Did I choose clay or did it choose me? When David was a kid visiting his grandparents in Oregon, he used to dig up clay, bring it home and make things out of it. In grade school, all he wanted to do was work with clay. When he went to study business at Washington State University, David took a ceramics class for fun. “I realized I was spending much more time in the ceramics lab than in business cl
asses.” So David changed his major to art and ended up at California State University Chico, where he was lucky enough to study ceramics under Jack Windsor, who started the Chico State ceramics program and was a master glaze scientist, and Michael Lucero, a nationally renowned New York-based ceramics artist, whose work has been featured in the Smithsonian.

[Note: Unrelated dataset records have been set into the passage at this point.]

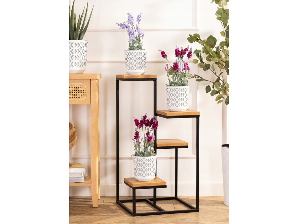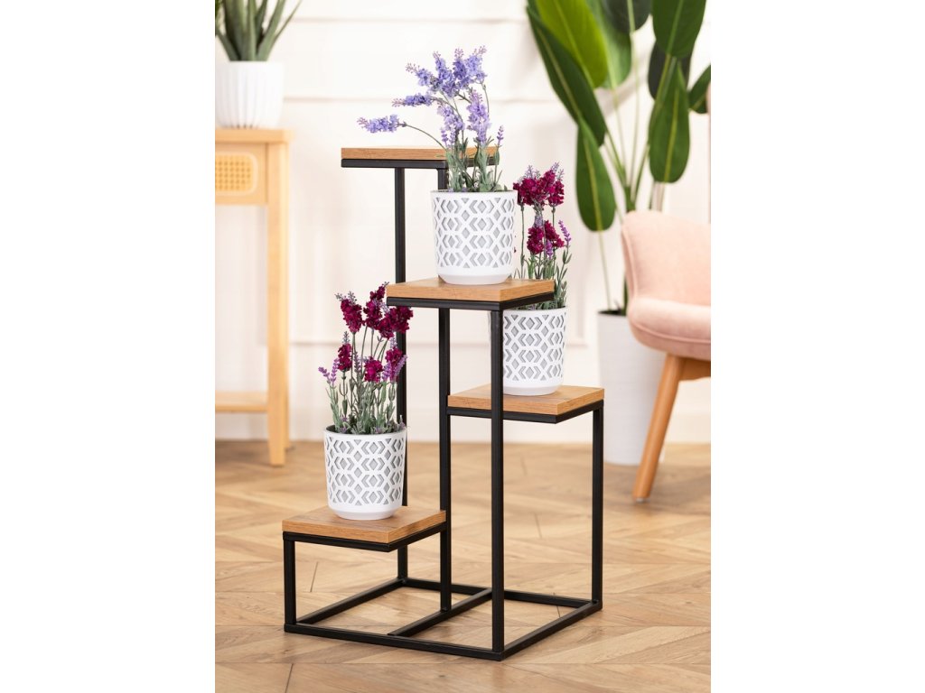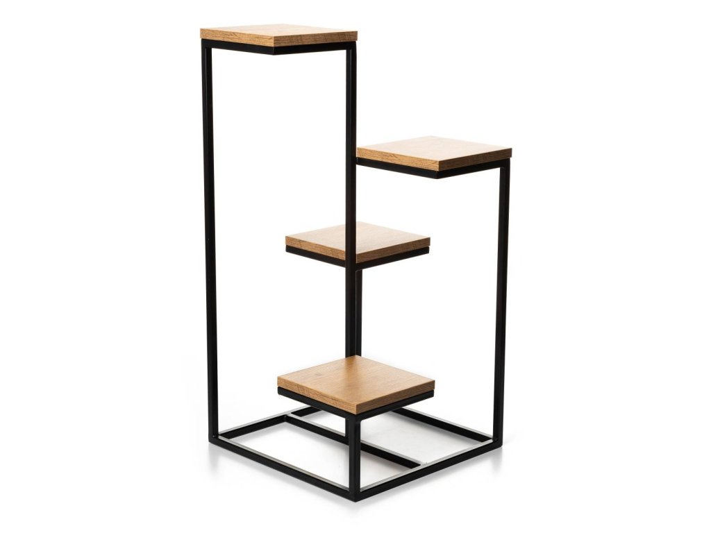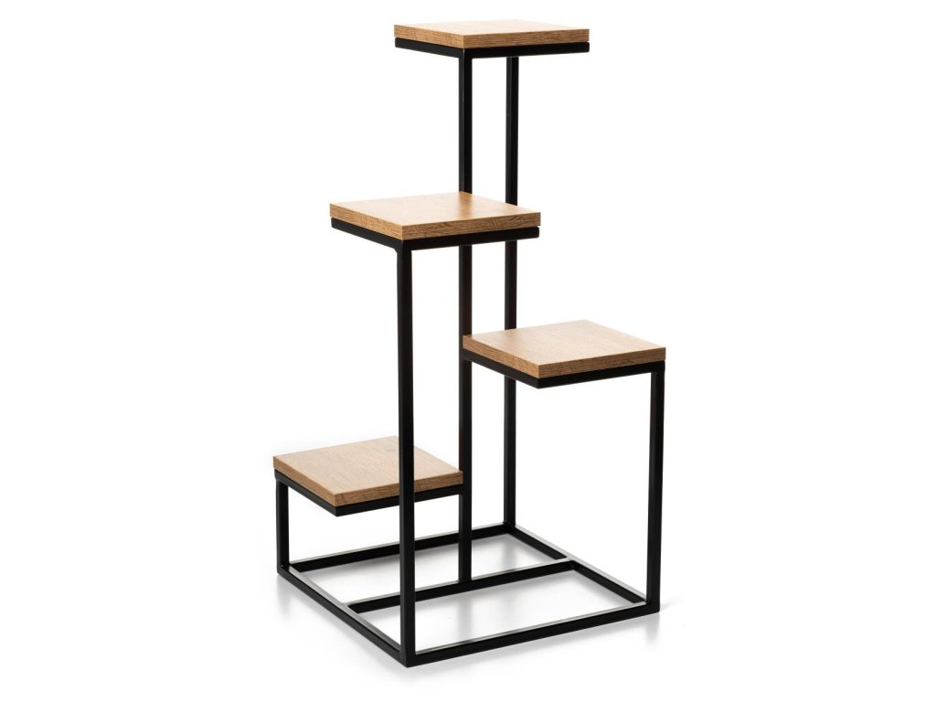 Štýlový stojan na kvety s 4 policami v dekore dubu a kovu. Výborný doplnok do moderného interiéru na prezentáciu rastlín aj dekorácií. Výška 79 cm.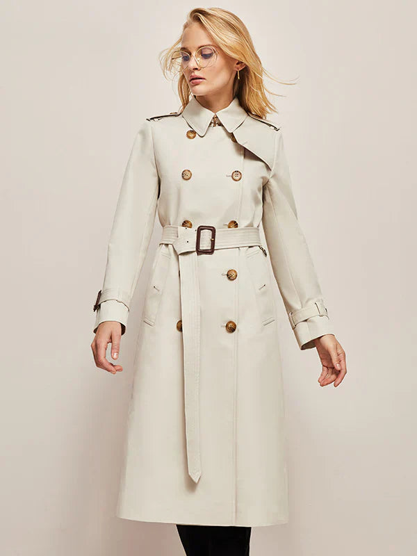 Maintain elegance with this classic double-breasted trench coat. Designed with iconic details such as shoulder epaulets, a storm flap, and cuff straps, this coat is a wardrobe essential that helps you create polished, sophisticated outfits. Available in two refined shades – beige and cream – it radiates timeless elegance for any occasion.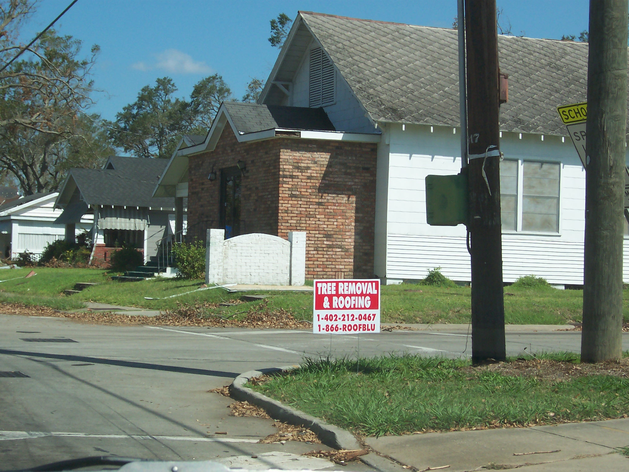 Note sign for a roofing company using a number deceptively close to the FEMA Blu-Roof program number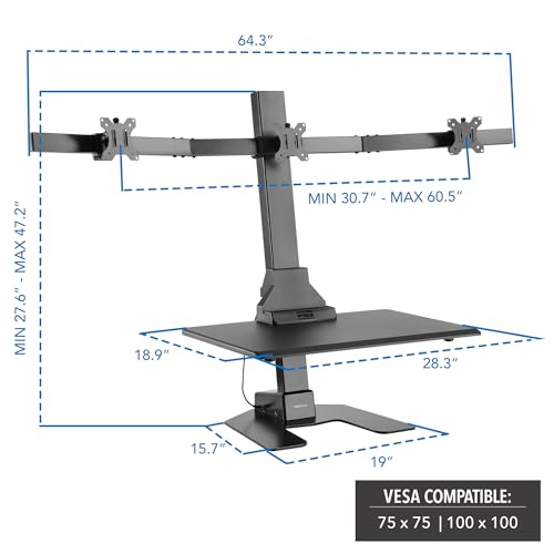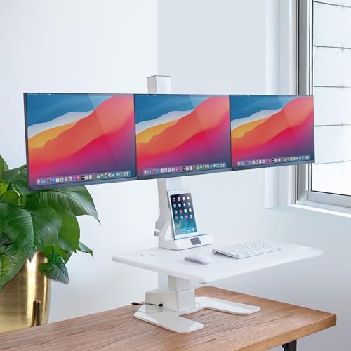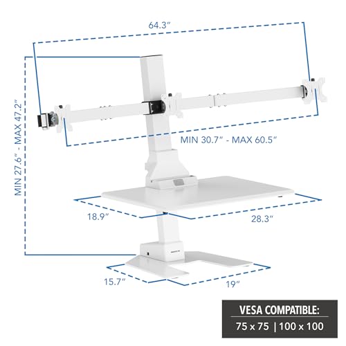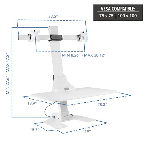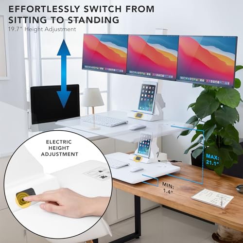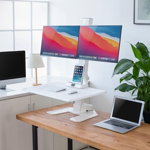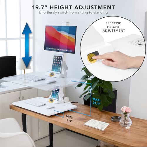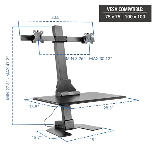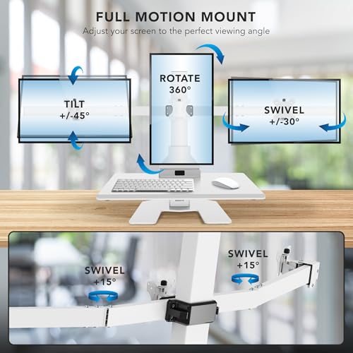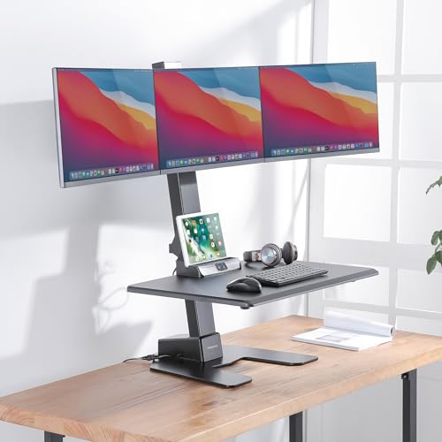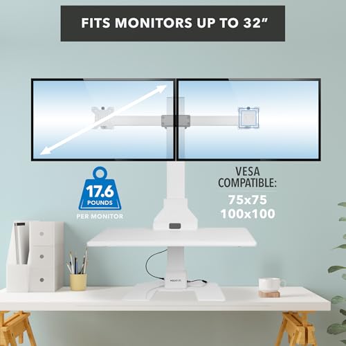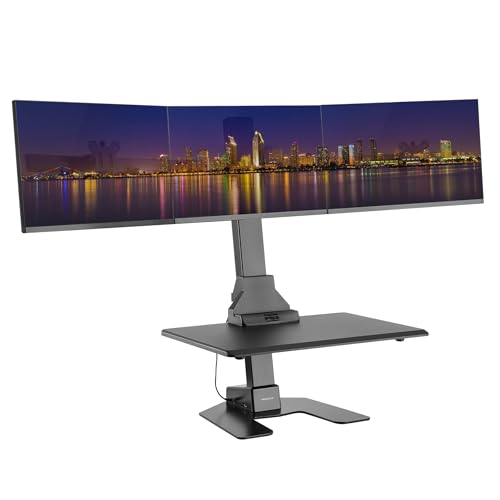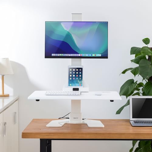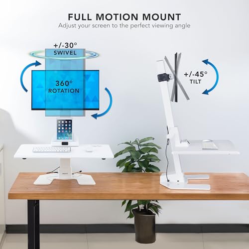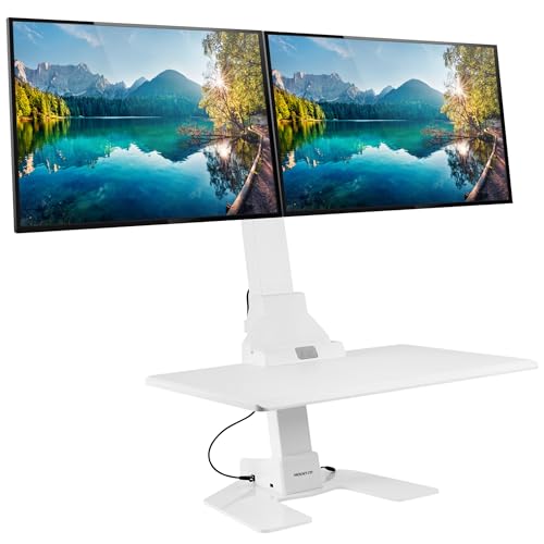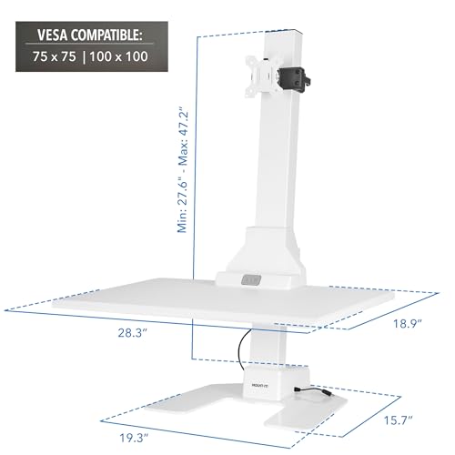 Mount-It! Electric Standing Desk Converter - Motorized Sit-Stand Desk Riser with Monitor Mount, Standup Powered Desktop Lift for Single Monitor up to 32", 28" Wide Keyboard Tray, Adjustable Height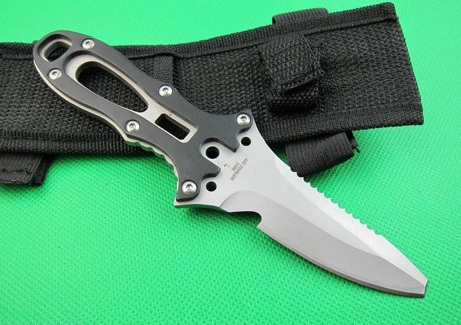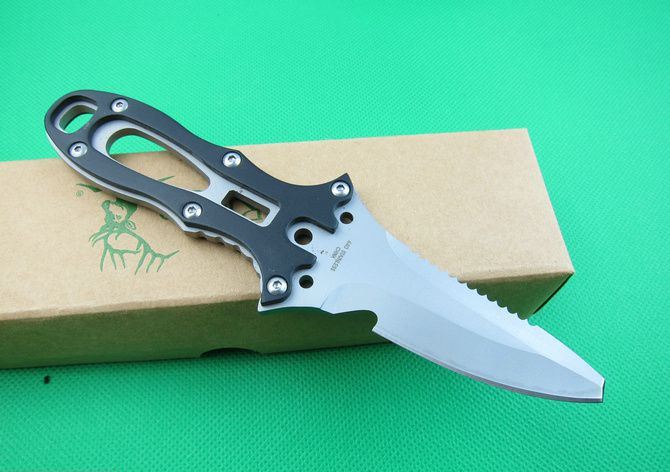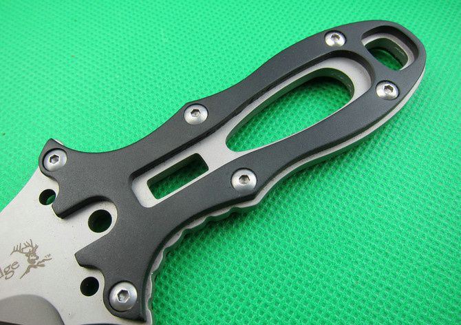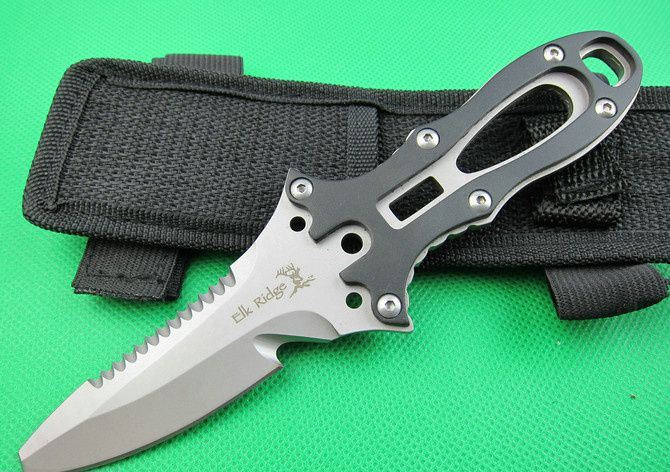 Elk Ridge.鹿头牌求生潜水刀 全 长:19.9cm 刃 长:8.0cm 柄 长:10.0cm 刃 宽:3.0cm(最宽处) 刃 厚:3.3mm 刃 材:440 硬 度:57HRC 刀 柄:直身全钢柄,两面外夹铝片 表 面:喷砂 重 量:240.0克 其 他:刀刃锋利,带割绳回钩,刀背带背齿;尼龙刀套,配绑腿带。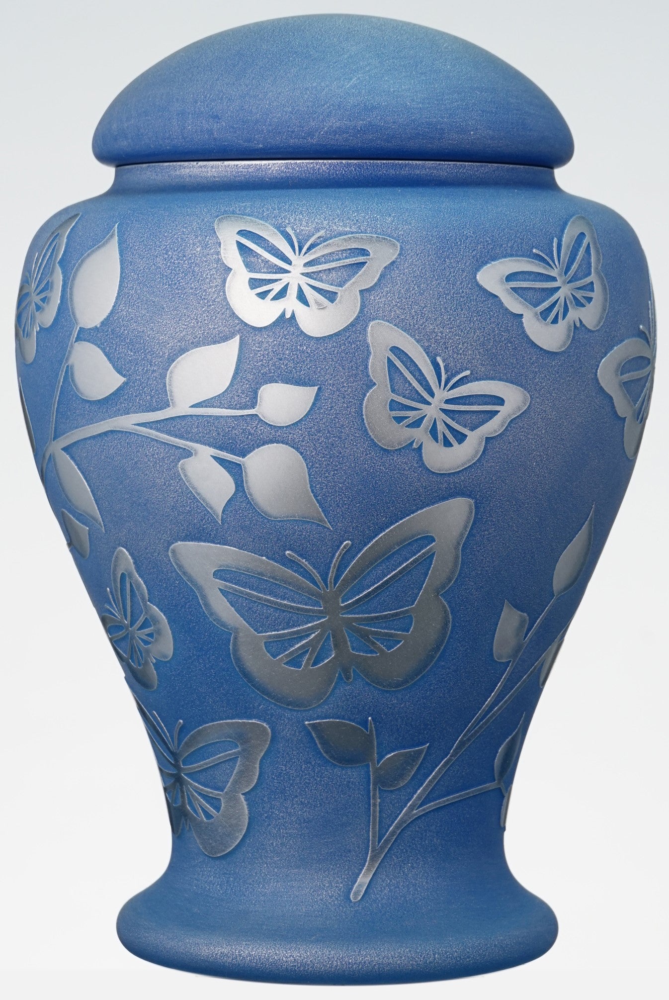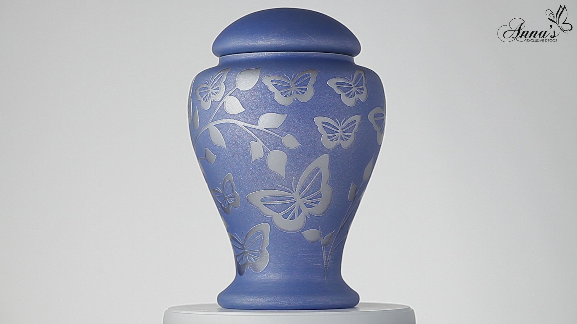 - TIMELESS DESIGN: the blue sleek body is accented with etched and painted SILVER BUTTERFLIES and LEAVES to allow for a beautiful and everlasting display in memory of your loved one and celebrating their life at the funeral, home or at the columbarium. Let this artistic urn help keep all the cherished memories of your loved one alive.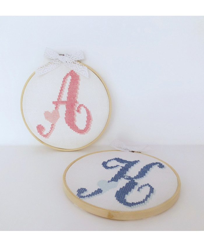 Χειροποίητο κεντημένο διακοσμητικό καδράκι διαμέτρου 17 εκ, με κεντημένο το μονόγραμμα που επιθυμείτε σε βαμβακερό ύφασμα εταμίν κεντημένο με μουλινέ dmc στην απόχρωση που επιθυμείτε.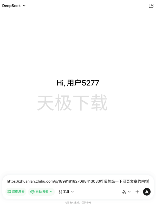 1.打开腾讯元宝,在对话框内粘贴需要解析的网页链接,并附上指令:帮我总结一下网页文章的内容。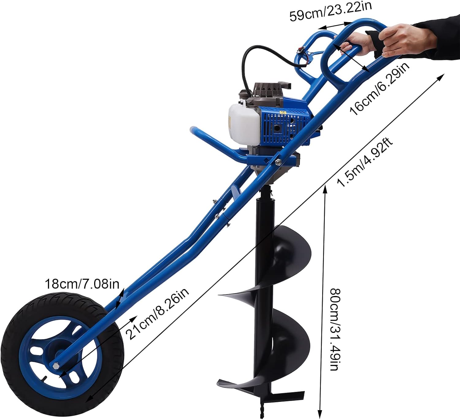 Convenient to Operate: It has a simple hand-pull starter that makes it easy to start the machine by simply pulling it back. Then you just need to hold the two handles and push down to achieve digging, even one person can operate it easily.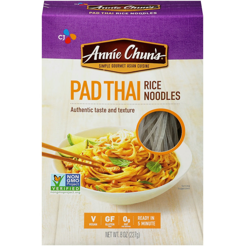 Our special gluten-free Pad Thai Rice Noodles are ideal for making authentic Pad Thai. They’re also fabulous in Asian stir-fries, savory noodle soups and chilled salads alike. Enjoy. Boil these Annie Chun's® Pad Thai Rice Noodles and add to your favorite stir fry, salad or cold noodle dishes. These noodles are great hot or cold and will add that Asian twist to any dish. Whether you just toss them in hot water for a moment or boil them until they are tender, you can't go wrong with these.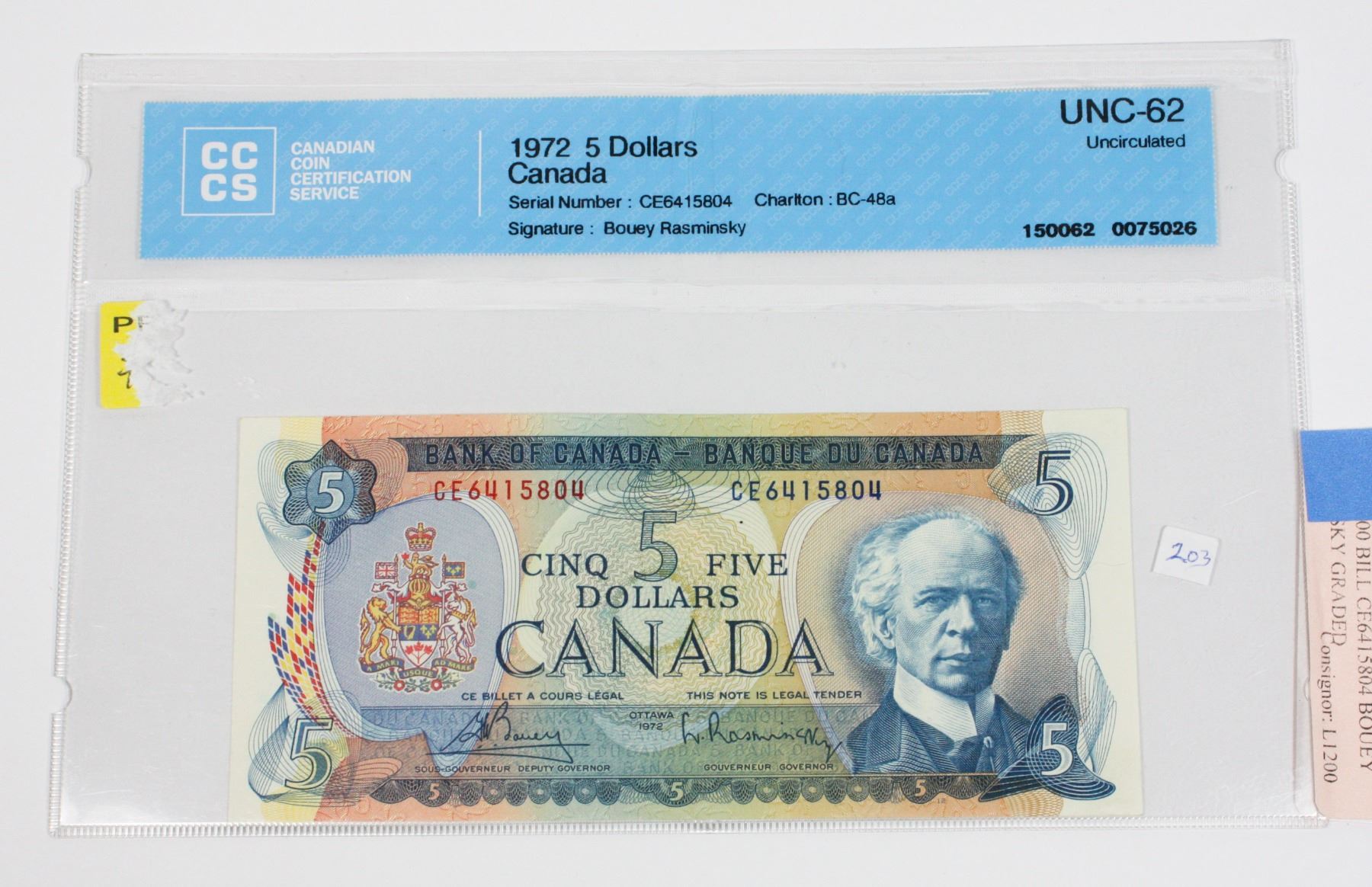 UNCIRCULATED -62 BY C.C.C.S. Twin to Lot 6098 1972 $5.00 bill Another beautiful example bill Uncirculated 62

Of his work, David says “I like to make functional pieces…things that are beautiful but that people can use.” He chooses to work in high fire, which is more expensive and more difficult, but results in highly durable pieces that don’t chip as easily as low fired clay. In this way, David brings art into people’s day to day experience by creating useful pieces. “I love the idea of people having my work and using it…drinking their morning coffee out of one of my mugs, or making a salad in one my bowls and serving it to their family.”
David’s favorite part of his work is to experiment, trying new glazes and techniques. “I love opening the kiln and seeing how things turned out. I am always striving to do things a little bit better, and a little different.” David had been firing a gas kiln for many years and recently invested in an electric kiln, which affords more precision and control. He is currently trying new glazing techniques, including using the bright orange and yellow glazes that have only recently become available at high temperatures, and which characterize much of his current work. He is also in the process of installing solar panels on the roof of his studio in Chico, California so that he can sustainably generate the energy that fires his kiln.